GPT-4.1 Nano is cheaper at $0.10/$0.40 per million tokens versus Mini's $0.15/$0.60. Nano is 33% less on both input and output. For new projects, benchmark both on your task. Nano is the better default unless Mini specifically outperforms.

Can I fine-tune GPT-4o Mini?

Yes. Fine-tuning GPT-4o Mini costs $0.30 per 1M training tokens. Inference on fine-tuned models costs $0.30 input and $1.20 output per million tokens, double the base rate.
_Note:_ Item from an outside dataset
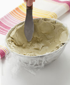 Mettete nel freezer una ciotola semisferica della capacità di 1,2 -1,5 litri oppure una pirofila ovale a bordi alti (10-12 cm). Quando sarà ben fredda fasciatela con pellicola trasparente e foderate il fondo e le pareti con il gelato al pistacchio, formando uno strato di circa 1 cm di spessore. Livellatelo con una spatola bagnata in acqua tiepida. Rimettete la ciotola in freezer per 1 ora.

You need at least 10 training examples, though 50-100 examples typically produce better results.

What is GPT-4o Mini good for?

GPT-4o Mini excels at classification, entity extraction, content routing, simple Q&A, and any task where the output is short and structured. It matches GPT-4o closely on binary classification tasks while costing 94% less.

What is the GPT-4o Mini context window?

GPT-4o Mini supports 128K tokens of context (roughly 96K words). However, quality degrades past 32K tokens for most tasks. If you need reliable long-context performance, GPT-4.1 Nano offers 1M tokens.

Is GPT-4o Mini good for coding?

GPT-4o Mini handles simple code tasks like boilerplate generation, syntax fixes, and code explanation. It struggles with complex refactoring, multi-file changes, and architectural decisions. For serious coding, use GPT-4.1 or Claude Sonnet 4.6.

How does GPT-4o Mini compare to Claude Haiku?

Claude Haiku 4.5 costs $0.80/$4.00 per million tokens, significantly more expensive than GPT-4o Mini at $0.15/$0.60. Mini is roughly 5x cheaper on input and 7x cheaper on output. Haiku offers a 200K context window and is generally stronger on nuanced text tasks, but Mini wins on price for simple workloads.